3.05.2013

Busy, busy, busy!

I haven't posted in a really long time. I don't really have a good excuse for myself. I have just been so busy. And tired. School is my life right now. I am just trying to get into the swing of things. But things are going okay. I am doing okay. I have been stressed and am in the process of making some pretty big life choices.

I am changing my major and essentially my career goals. I have pretty much decided I want to major in Deaf Studies and become an interpreter. I have been studying American Sign Language for about a month now and I absolutely love it. It comes easily to me and I am passionate about it. I really love this language and want to immerse myself in it and become a part of this culture. I am still going to get my certificate in Early Childhood Education and I plan to work with deaf and hard of hearing children. Yes, this means I have so much more school and whatnot but I feel really passionate about this. I want this and I think it will be a great fit for me.

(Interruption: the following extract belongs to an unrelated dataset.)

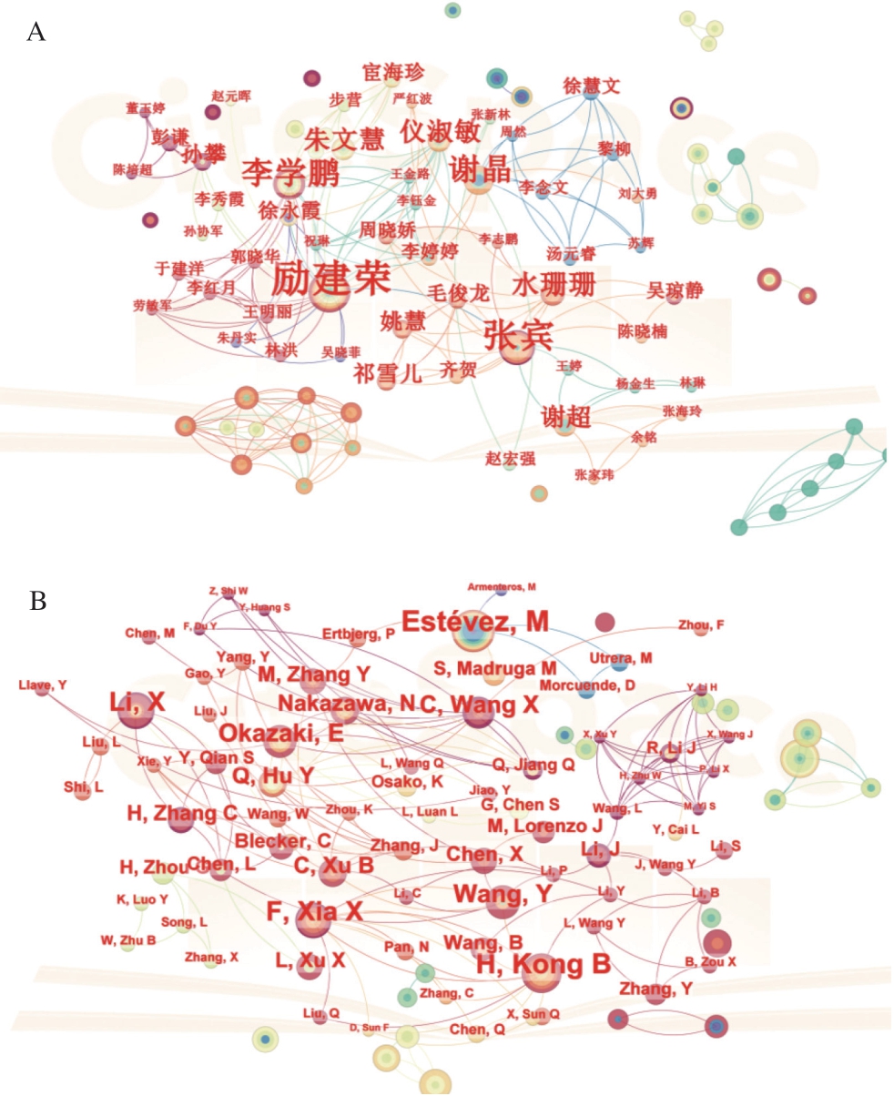 Fig.6 Collaboration diagrams of authors engaged in frozen meat research in the Wanfang (A) and WOS databases (B)
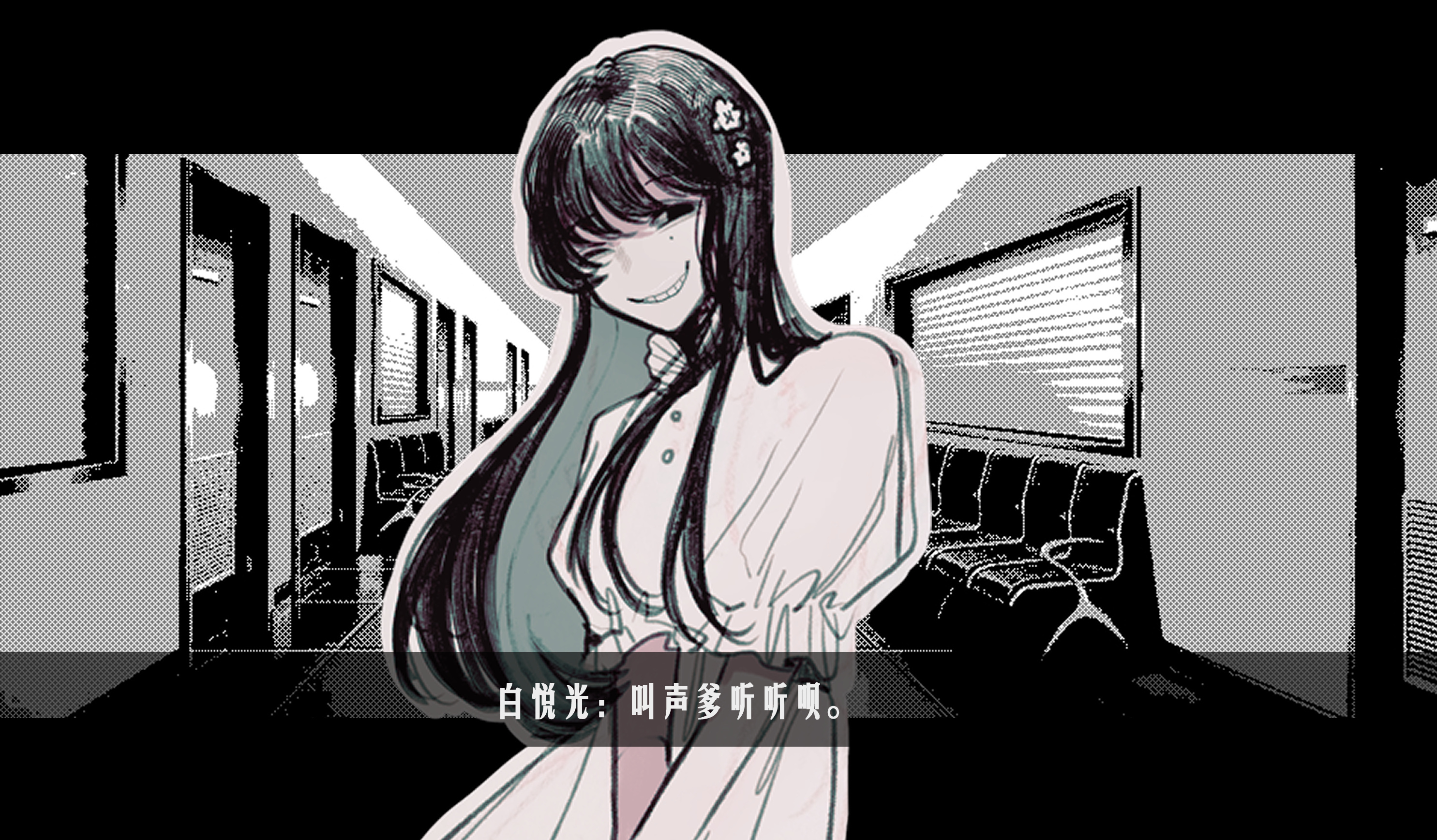 1boy black_eyes black_hair chinese_commentary chinese_text commentary_request crossdressing crossdressing_(mtf) dress flower frilled_sleeves frills grin hair_flower hair_ornament highres long_hair male_focus muluo_cantu official_art one_eye_closed promotional_art puffy_short_sleeves puffy_sleeves short_sleeves smile solo touqi_guaitan translation_request trap upper_body white_dress white_flower ziche_fuzhao

Now, my little squish has changed a lot also. Squish has learned how to crawl on his knee's, he can pull-up and he can say 8 words. Squish is also working on his first steps. He will pull-up onto the side of his walker and will shuffle with it when it moves forward. It's so much fun. He also has 8 teeth now. Ah, I love motherhood.

Therapy...

I am going to therapy and I am doing better. But I really think I need to deal with my actual issues and my abuse. Which we really haven't covered. I will be talking to my therapist about this soon and hope we can handle this and get to the core of my issues. I had a nightmare awhile ago but its the first one in about 2 months. Yet, I know its my subconscious wanting me to deal with my problems. There's not much else I can say. I haven't ran into him yet but his wife works at the campus bookstore. I ran into her once but nothing happened. Also, I recently pushed my biological father out of my life. The abusive one... (My History, first post) I decided I didn't want him around my child. He is too toxic.

That's all for now. I will try to write more often but I am just really busy and honestly, I just don't want to write about the pain. I just want it to go away. I want my life to be my life. I don't want to be damaged anymore.